This exercise calls for every record to be set down again, exactly and in full.

DATA RECORDS section start

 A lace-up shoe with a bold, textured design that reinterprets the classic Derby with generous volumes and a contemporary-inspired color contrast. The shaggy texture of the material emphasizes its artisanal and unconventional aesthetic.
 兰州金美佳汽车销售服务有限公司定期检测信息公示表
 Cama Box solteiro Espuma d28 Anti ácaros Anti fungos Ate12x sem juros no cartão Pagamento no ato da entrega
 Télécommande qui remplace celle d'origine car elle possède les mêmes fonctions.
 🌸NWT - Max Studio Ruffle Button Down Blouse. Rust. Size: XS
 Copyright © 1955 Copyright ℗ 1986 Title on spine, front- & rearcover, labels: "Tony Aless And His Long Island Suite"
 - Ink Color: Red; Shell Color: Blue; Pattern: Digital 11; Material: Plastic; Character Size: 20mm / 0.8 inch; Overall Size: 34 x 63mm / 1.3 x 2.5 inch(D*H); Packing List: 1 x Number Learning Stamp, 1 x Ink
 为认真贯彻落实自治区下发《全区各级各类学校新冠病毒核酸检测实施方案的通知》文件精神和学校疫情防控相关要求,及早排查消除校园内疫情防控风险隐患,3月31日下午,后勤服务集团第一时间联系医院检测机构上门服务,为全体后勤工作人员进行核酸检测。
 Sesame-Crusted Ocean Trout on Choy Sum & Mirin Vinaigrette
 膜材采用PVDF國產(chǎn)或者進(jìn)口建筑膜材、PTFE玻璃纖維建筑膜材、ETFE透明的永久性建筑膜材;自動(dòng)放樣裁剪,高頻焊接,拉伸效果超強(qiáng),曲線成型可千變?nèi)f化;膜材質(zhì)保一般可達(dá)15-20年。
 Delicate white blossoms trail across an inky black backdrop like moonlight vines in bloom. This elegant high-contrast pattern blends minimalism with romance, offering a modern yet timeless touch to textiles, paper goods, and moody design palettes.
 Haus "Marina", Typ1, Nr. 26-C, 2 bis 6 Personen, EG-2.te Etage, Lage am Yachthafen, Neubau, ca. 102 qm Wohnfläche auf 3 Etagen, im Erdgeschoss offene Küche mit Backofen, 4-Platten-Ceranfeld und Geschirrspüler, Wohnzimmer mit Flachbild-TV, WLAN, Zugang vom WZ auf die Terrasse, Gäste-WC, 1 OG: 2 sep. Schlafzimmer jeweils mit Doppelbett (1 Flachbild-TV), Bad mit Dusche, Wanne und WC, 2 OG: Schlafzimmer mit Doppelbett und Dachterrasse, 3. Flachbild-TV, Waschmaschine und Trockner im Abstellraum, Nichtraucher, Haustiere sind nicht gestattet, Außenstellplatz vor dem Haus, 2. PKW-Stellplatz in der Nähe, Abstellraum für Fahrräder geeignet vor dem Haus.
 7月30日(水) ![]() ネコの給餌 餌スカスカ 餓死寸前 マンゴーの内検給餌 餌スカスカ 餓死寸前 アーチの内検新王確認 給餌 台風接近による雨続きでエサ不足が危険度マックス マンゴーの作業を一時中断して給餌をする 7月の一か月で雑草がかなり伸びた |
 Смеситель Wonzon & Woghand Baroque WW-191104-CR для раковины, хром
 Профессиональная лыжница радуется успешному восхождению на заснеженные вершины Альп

DATA RECORDS section end

_WRITTEN REPLY_:
 A lace-up shoe with a bold, textured design that reinterprets the classic Derby with generous volumes and a contemporary-inspired color contrast. The shaggy texture of the material emphasizes its artisanal and unconventional aesthetic.
 兰州金美佳汽车销售服务有限公司定期检测信息公示表
 Cama Box solteiro Espuma d28 Anti ácaros Anti fungos Ate12x sem juros no cartão Pagamento no ato da entrega
 Télécommande qui remplace celle d'origine car elle possède les mêmes fonctions.
 🌸NWT - Max Studio Ruffle Button Down Blouse. Rust. Size: XS
 Copyright © 1955 Copyright ℗ 1986 Title on spine, front- & rearcover, labels: "Tony Aless And His Long Island Suite"
 - Ink Color: Red; Shell Color: Blue; Pattern: Digital 11; Material: Plastic; Character Size: 20mm / 0.8 inch; Overall Size: 34 x 63mm / 1.3 x 2.5 inch(D*H); Packing List: 1 x Number Learning Stamp, 1 x Ink
 为认真贯彻落实自治区下发《全区各级各类学校新冠病毒核酸检测实施方案的通知》文件精神和学校疫情防控相关要求,及早排查消除校园内疫情防控风险隐患,3月31日下午,后勤服务集团第一时间联系医院检测机构上门服务,为全体后勤工作人员进行核酸检测。
 Sesame-Crusted Ocean Trout on Choy Sum & Mirin Vinaigrette
 膜材采用PVDF國產(chǎn)或者進(jìn)口建筑膜材、PTFE玻璃纖維建筑膜材、ETFE透明的永久性建筑膜材;自動(dòng)放樣裁剪,高頻焊接,拉伸效果超強(qiáng),曲線成型可千變?nèi)f化;膜材質(zhì)保一般可達(dá)15-20年。
 Delicate white blossoms trail across an inky black backdrop like moonlight vines in bloom. This elegant high-contrast pattern blends minimalism with romance, offering a modern yet timeless touch to textiles, paper goods, and moody design palettes.
 Haus "Marina", Typ1, Nr. 26-C, 2 bis 6 Personen, EG-2.te Etage, Lage am Yachthafen, Neubau, ca. 102 qm Wohnfläche auf 3 Etagen, im Erdgeschoss offene Küche mit Backofen, 4-Platten-Ceranfeld und Geschirrspüler, Wohnzimmer mit Flachbild-TV, WLAN, Zugang vom WZ auf die Terrasse, Gäste-WC, 1 OG: 2 sep. Schlafzimmer jeweils mit Doppelbett (1 Flachbild-TV), Bad mit Dusche, Wanne und WC, 2 OG: Schlafzimmer mit Doppelbett und Dachterrasse, 3. Flachbild-TV, Waschmaschine und Trockner im Abstellraum, Nichtraucher, Haustiere sind nicht gestattet, Außenstellplatz vor dem Haus, 2. PKW-Stellplatz in der Nähe, Abstellraum für Fahrräder geeignet vor dem Haus.
 7月30日(水) ![]() ネコの給餌 餌スカスカ 餓死寸前 マンゴーの内検給餌 餌スカスカ 餓死寸前 アーチの内検新王確認 給餌 台風接近による雨続きでエサ不足が危険度マックス マンゴーの作業を一時中断して給餌をする 7月の一か月で雑草がかなり伸びた |
 Смеситель Wonzon & Woghand Baroque WW-191104-CR для раковины, хром
 Профессиональная лыжница радуется успешному восхождению на заснеженные вершины Альп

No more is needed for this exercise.